Drop every image, then reproduce the data exactly as given.

Dataset content
* * * *

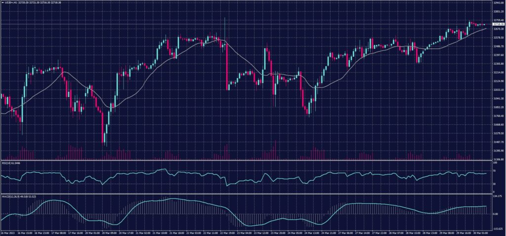 The Dow Jones index rose by 1%, or the equivalent of 323 points, surpassing 32,700 points, achieving its highest closing in 3 weeks.
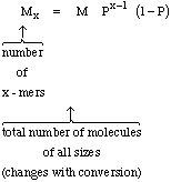 For CP = 10?4 and 80% conversion, there will be 1.0 branches per 104 monomer units polymerized. There is one branch for every 4,000 to 10,000 monomer units and for a polymer molecular weight of 105 ? 106 this corresponds to 1 polymer chain in 10 containing a branch.
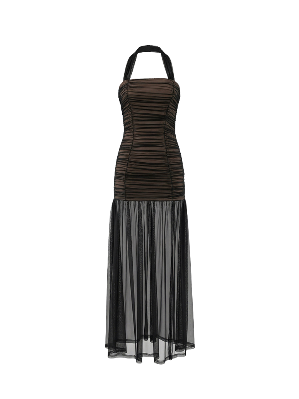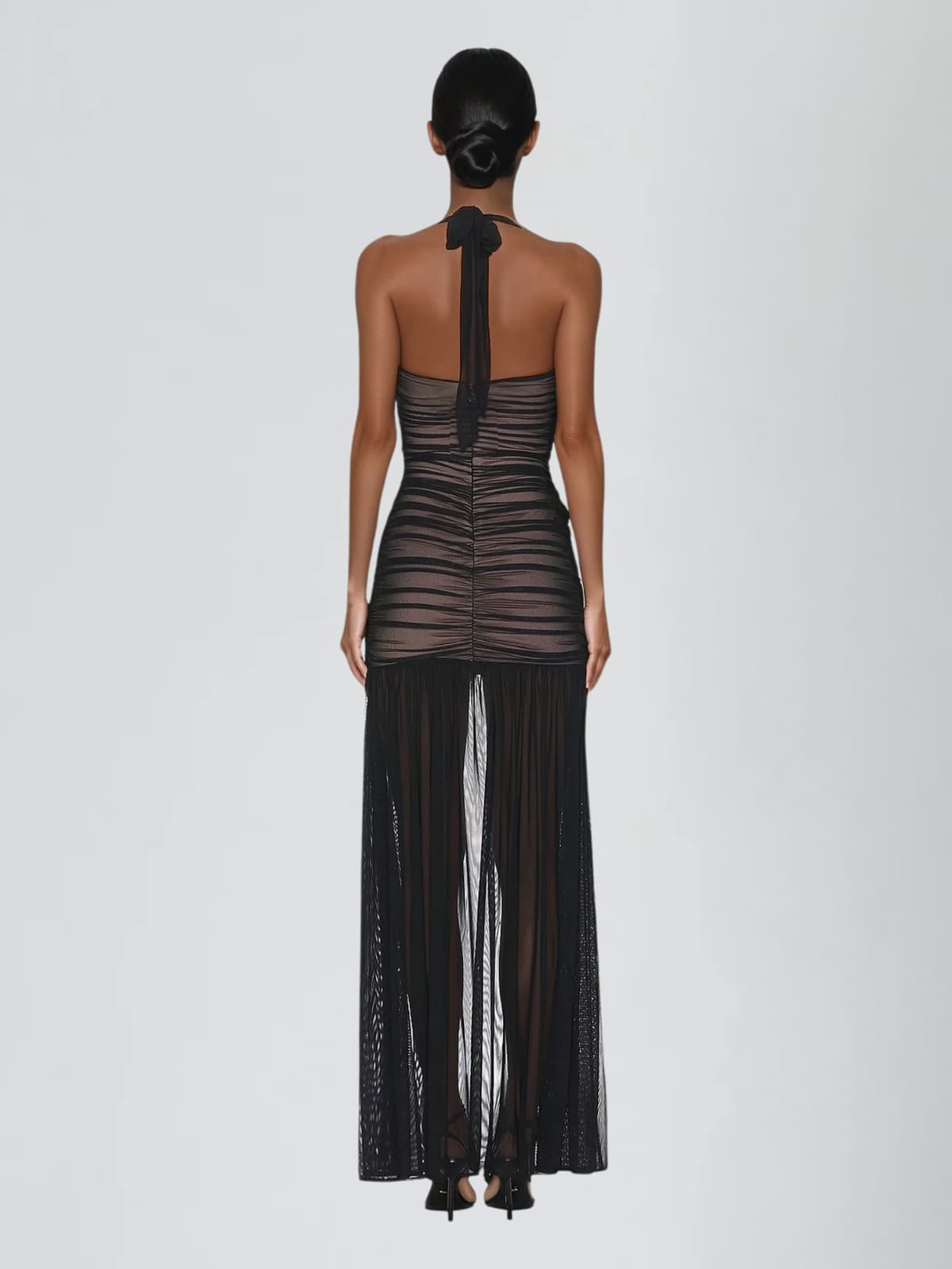 Elevate your evening look with this stunning Pyvion Halterneck Mesh Ruched Split Maxi Dress. The ruched detailing creates a flattering silhouette while the daring split adds movement and sophistication. Crafted from luxurious mesh fabric. this dress transitions seamlessly from cocktail events to upscale dinners. The halterneck design offers elegant support and a modern edge that commands attention. Perfect for those who refuse to blend in. this piece combines timeless elegance with contemporary flair for an unforgettable impression.
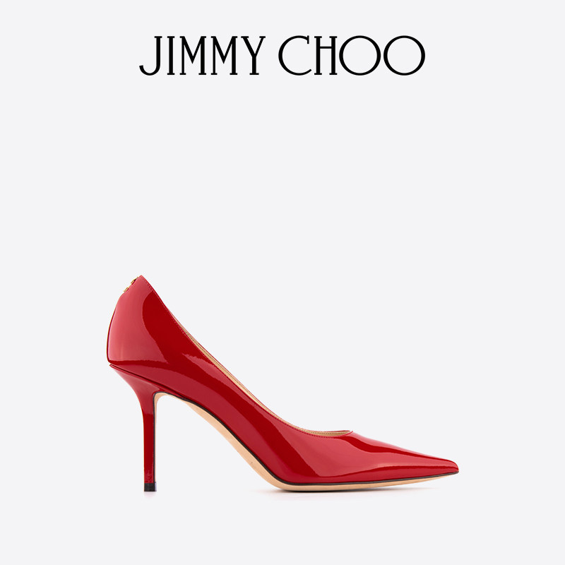 [Новый продукт] Джимми Чу/Любовь 85 JC Значок декоративный красный патентная кожаная кожа высокая ботинка с одиночной обуви

* * * *

Response to this exercise
 The Dow Jones index rose by 1%, or the equivalent of 323 points, surpassing 32,700 points, achieving its highest closing in 3 weeks.
 For CP = 10?4 and 80% conversion, there will be 1.0 branches per 104 monomer units polymerized. There is one branch for every 4,000 to 10,000 monomer units and for a polymer molecular weight of 105 ? 106 this corresponds to 1 polymer chain in 10 containing a branch.
 Elevate your evening look with this stunning Pyvion Halterneck Mesh Ruched Split Maxi Dress. The ruched detailing creates a flattering silhouette while the daring split adds movement and sophistication. Crafted from luxurious mesh fabric. this dress transitions seamlessly from cocktail events to upscale dinners. The halterneck design offers elegant support and a modern edge that commands attention. Perfect for those who refuse to blend in. this piece combines timeless elegance with contemporary flair for an unforgettable impression.
 [Новый продукт] Джимми Чу/Любовь 85 JC Значок декоративный красный патентная кожаная кожа высокая ботинка с одиночной обуви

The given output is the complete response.